The Babson Coach was thrilled.  He referred his wife, who brought her skates to Oleg.  She too was thrilled with his work.  She has since referred a steady stream of skaters to Oleg.

Oleg’s story was short and enjoyable.  It was also brilliant marketing.

In friendly conversation, Oleg:

  • Demonstrated his ingenuity;
  • Educated me on a new and specialized service he was offering;
  • Shared that his new service got rave reviews and was generating repeat referrals; and
  • Conveyed a story that encapsulated all of the above and was easy for me to remember and retell.

Did I feel like I was being sold?  No.  It was casual and friendly conversation.

Do I know more about Oleg’s capabilities?  Yes.  And now if I come upon someone having that problem with their skates, I know where to refer them.

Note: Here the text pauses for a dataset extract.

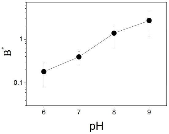 The change in ∆ϕb due to binding of protons depends on the pH of the solution (Figure 6). The parameter B* increases with the pH in the entire range of the measurements, from 6.0 to 9.0. It means that the decrease in pH attenuates the ∆ϕb change due to bound protons similarly to the effect of the buffer.

This is the genius of content marketing.  Content marketing educates your customers about your brand by delivering helpful and interesting information in an entertaining fashion.

Brand storytelling is an integral part of content marketing.  Done well, your customers and prospects will not only remember your brand, they will retell and spread your story for you.

It’s like an engaging cocktail party conversation.

And like an engaging cocktail party conversation, it can be inexpensive.  Or free.  All Oleg invested was a few minutes of his time.

Besides cocktail conversations, content marketing often takes the form of:

  • Blog articles
  • Newsletters
  • Case studies
  • White papers
  • Speaking engagements

Do you have a good story about how your brand helped a customer ready for your next cocktail conversation?   I’d love to hear it!

While I await your story, I’ll be here eyeing a new pair of boots online to expand my collection.